Dr. Hao’s research utilizes the second approach—he manipulates existing gene regulatory networks in specific ways, aiming to extend lifespan.
Findings from Engineering longevity—design of a synthetic gene oscillator to slow aging
Dr. Hao’s study explores how to synthetically modify two longevity genes in a way that avoids damage accumulation, extending lifespan of a model organism. In this paper, Dr. Hao’s lab constructed an oscillatory gene network within a yeast model. "Oscillations refer to the periodic fluctuation of the components within a gene network. In this case, both gene A and gene B are transcription factors that will oscillate, meaning their expression levels will periodically change over time.”
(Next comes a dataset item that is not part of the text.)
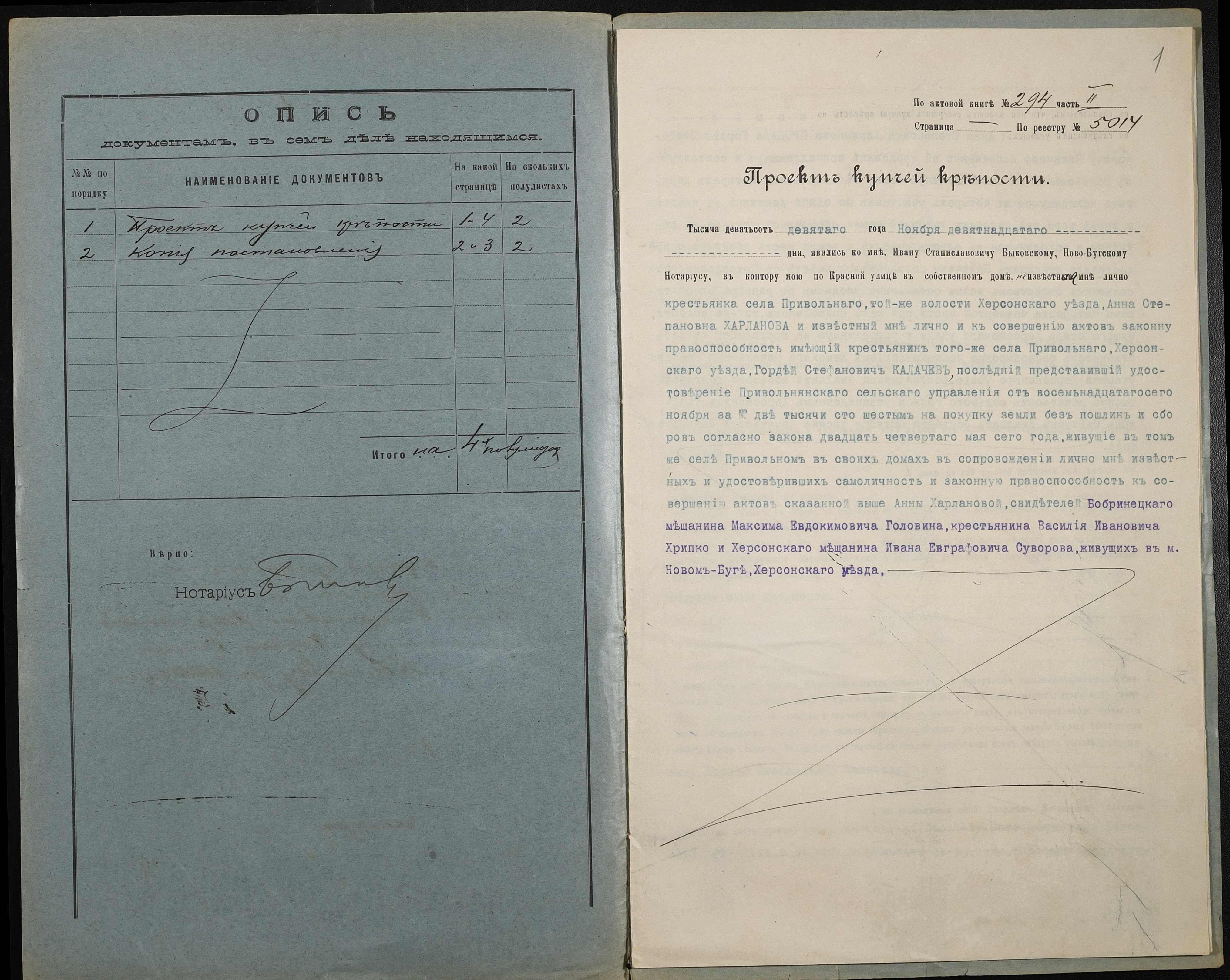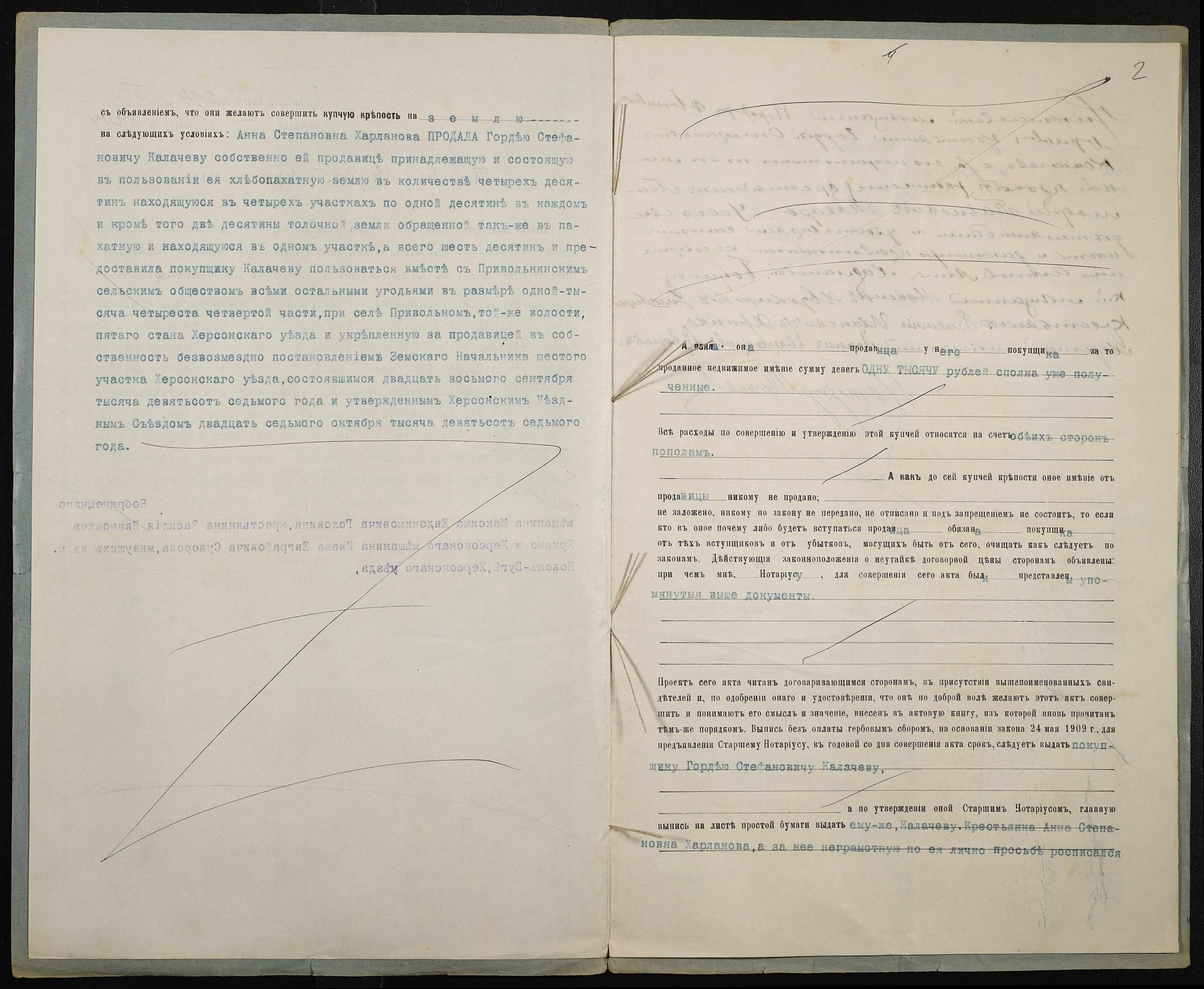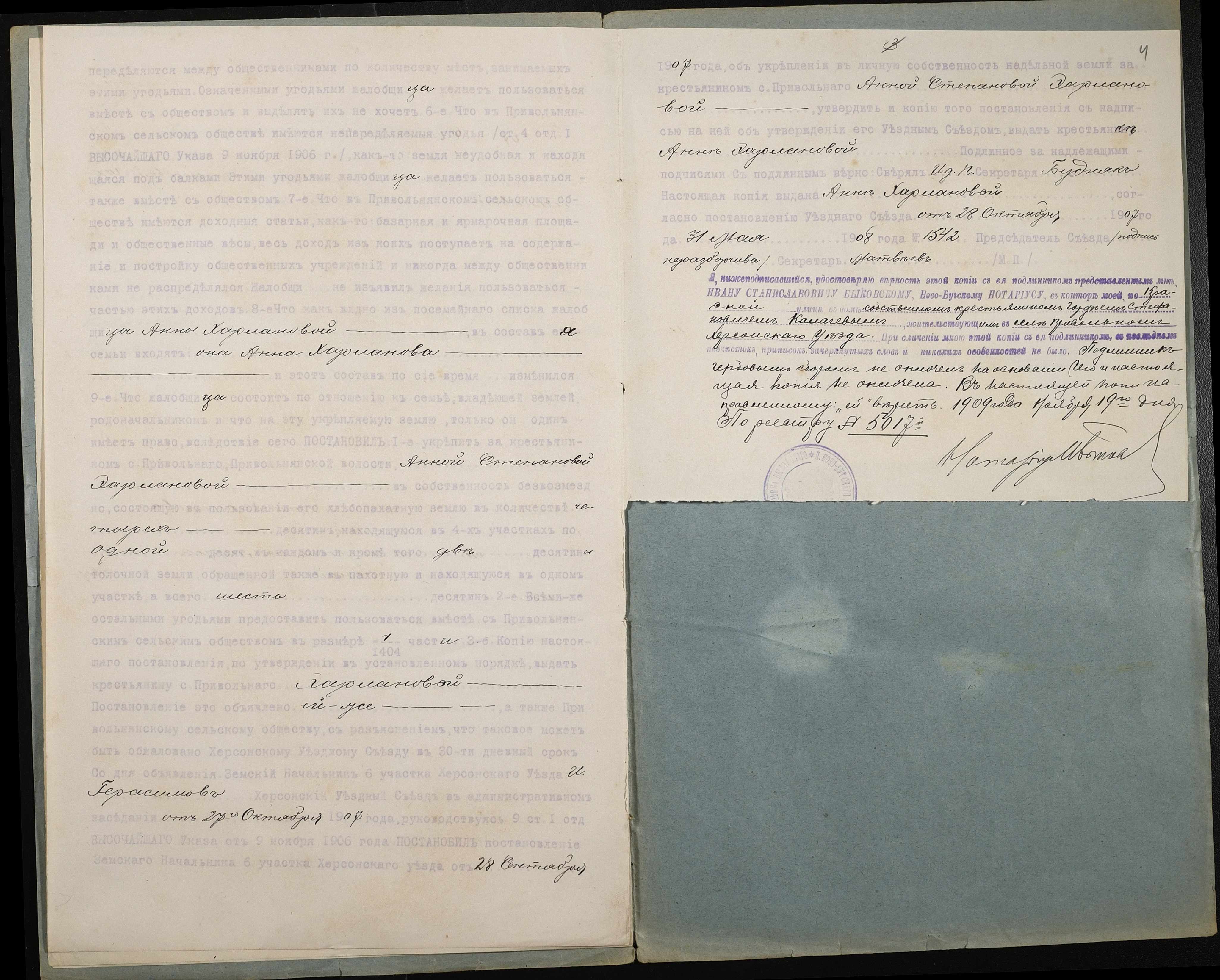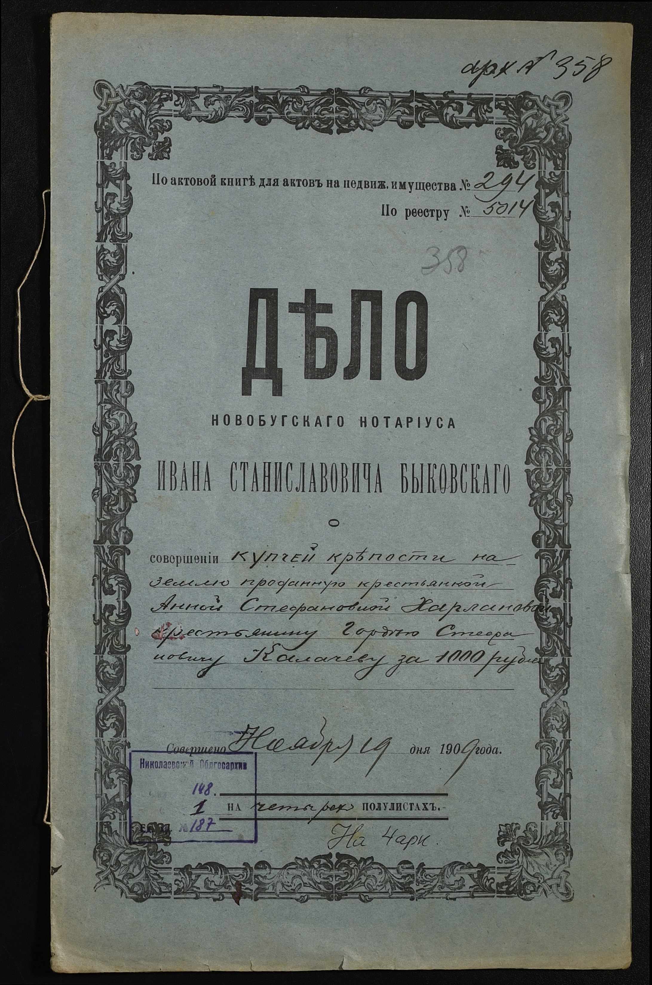 • • • • Справа № 187 “Справа про вчинення купчої про продаж землі селянкою Харлановою Ганною Стефанівною (Харлановой Анной Стефановной) на користь селянина Калачова Гордія (Калачева Гордея) Стефановича”

Two important longevity genes
Dr. Hao’s research focused on two key longevity genes: SIRT2 and HAP. During the natural aging process in a cell, SIRT2 and HAP mutually inhibit each other, forming what's called a mutual inhibition network. When one gene is high, it represses the other, and vice versa, creating two distinct states. This means aging cells naturally have one of two fates; they have elevated HAP and low SIRT2, or they experience elevated SIRT2 and low HAP. Both scenarios are problematic because both of these genes promote longevity. So, low levels of both genes are detrimental to the longevity of cells.
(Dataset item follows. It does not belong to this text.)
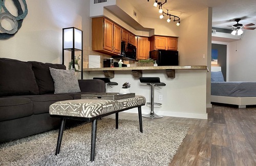 Joliment décorée en gardant à l'esprit tous les conforts de la maison, cette villa est parfaite pour un couple ou une famille de quatre personnes. La chambre a un lit queen avec matelas Tempurpedic pour une nuit de sommeil confortable. Le salon dispose d'un canapé-lit. La cuisine est bien équipée avec des pots et des casseroles et du thé / café gratuit. Laveuse / sécheuse sont disponibles à la buanderie commune dans le complexe.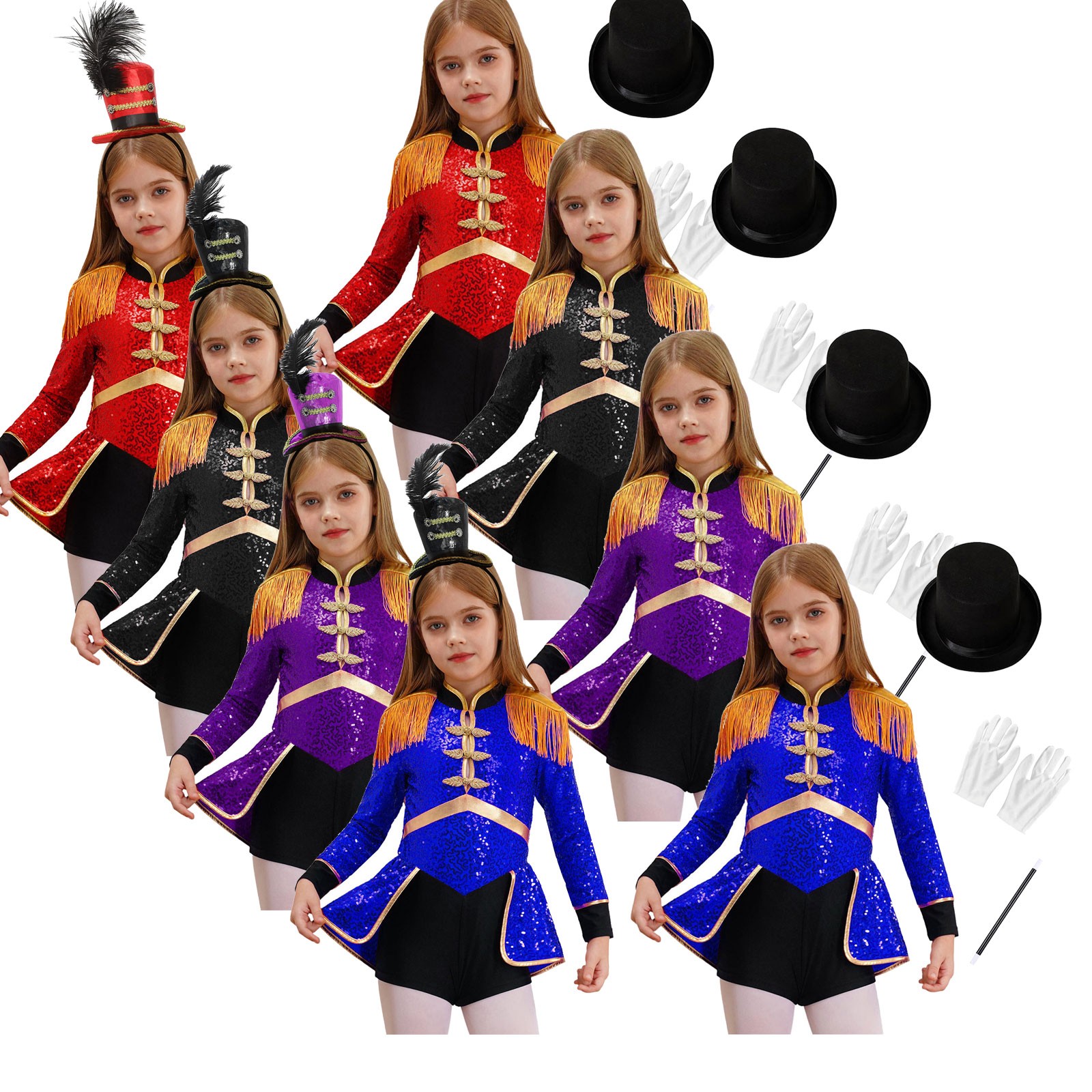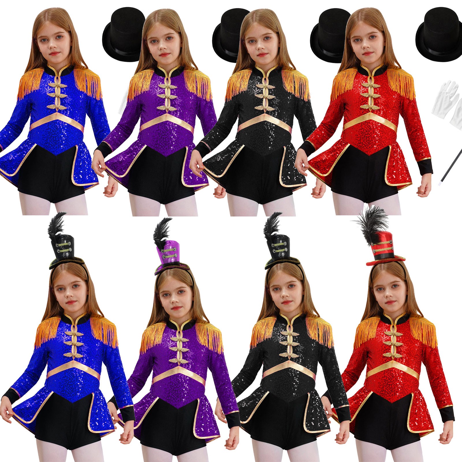 Girls Circus Ringmaster Drummer Fancy Dress Costume Long Sleeve Sequins Jumpsuit

- If HAP is low: Mitochondria become damaged, leading the cell down the aging pathway of mitochondrial decline.
- If SIRT2 is low: DNA will become unstable, as the function of SIRT2 is to stabilize and protect DNA.
A typical aging cell follows one of these pathways—low HAP or low SIRT2—until it dies.
Dr. Hao utilized synthetic biology to change the natural mutual inhibition network into a negative feedback network to combat the aging of yeast cells. This alteration caused levels of the two genes—SIRT2 and HAP—to oscillate, periodically cycling between high and low. This alteration allows the cell to switch between aging pathways, slowing down damage accumulation and allowing the cell to avoid being stuck in a detrimental state.
Findings and takeaways of Dr. Hao's study
Dr. Hao expresses his excitement with his study findings, noting that his synthetic oscillation network led to an 82% increase in lifespan compared to control cells. He shares that this is the most pronounced lifespan extension ever observed in a yeast cell.
Dr. Hao compared the oscillator yeast cells with previously identified long live yeast mutants, and his experimental model outlived all of the other longevity mutants. “By playing this oscillation trick we can generate super long-lived yeast cells—way longer than previously defined,” he says.
Can this method of lifespan extension apply to humans?
While Dr. Hao conducted his research in yeast, it is important to note that both of these pathways are highly conserved in Eukaryotes, including humans and animals. As a result, SIRT2 and HAP play significant roles in human aging. Dr. Hao's discovery not only sheds light on these important factors but also paves the way for further research in the field of aging, suggesting that altering the gene network may also be relevant for human cells.
Dr. Hao's research reveals that oscillation has the potential to significantly increase lifespan. Oscillation keeps the expression levels of certain genes within an optimal range, promoting longevity. This discovery underscores the importance of using gene networks to achieve life extension in longevity research.